◆ Recorded information ◆
——

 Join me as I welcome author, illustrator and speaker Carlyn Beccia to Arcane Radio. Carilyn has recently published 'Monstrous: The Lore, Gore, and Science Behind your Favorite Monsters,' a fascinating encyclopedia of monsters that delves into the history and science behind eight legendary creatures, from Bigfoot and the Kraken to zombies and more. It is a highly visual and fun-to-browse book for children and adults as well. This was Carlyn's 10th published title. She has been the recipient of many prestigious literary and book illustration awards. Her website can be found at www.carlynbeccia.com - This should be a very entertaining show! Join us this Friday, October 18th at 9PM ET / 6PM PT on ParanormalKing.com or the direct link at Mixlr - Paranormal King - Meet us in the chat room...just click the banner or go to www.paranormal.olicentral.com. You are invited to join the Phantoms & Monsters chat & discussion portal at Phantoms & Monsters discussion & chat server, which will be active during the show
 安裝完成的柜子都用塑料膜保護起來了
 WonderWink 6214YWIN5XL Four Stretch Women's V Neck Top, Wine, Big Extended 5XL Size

——

◆ The problem ◆
Set the listing down again in full, exactly as it was given.

◆ Response to this task ◆
 Join me as I welcome author, illustrator and speaker Carlyn Beccia to Arcane Radio. Carilyn has recently published 'Monstrous: The Lore, Gore, and Science Behind your Favorite Monsters,' a fascinating encyclopedia of monsters that delves into the history and science behind eight legendary creatures, from Bigfoot and the Kraken to zombies and more. It is a highly visual and fun-to-browse book for children and adults as well. This was Carlyn's 10th published title. She has been the recipient of many prestigious literary and book illustration awards. Her website can be found at www.carlynbeccia.com - This should be a very entertaining show! Join us this Friday, October 18th at 9PM ET / 6PM PT on ParanormalKing.com or the direct link at Mixlr - Paranormal King - Meet us in the chat room...just click the banner or go to www.paranormal.olicentral.com. You are invited to join the Phantoms & Monsters chat & discussion portal at Phantoms & Monsters discussion & chat server, which will be active during the show
 安裝完成的柜子都用塑料膜保護起來了
 WonderWink 6214YWIN5XL Four Stretch Women's V Neck Top, Wine, Big Extended 5XL Size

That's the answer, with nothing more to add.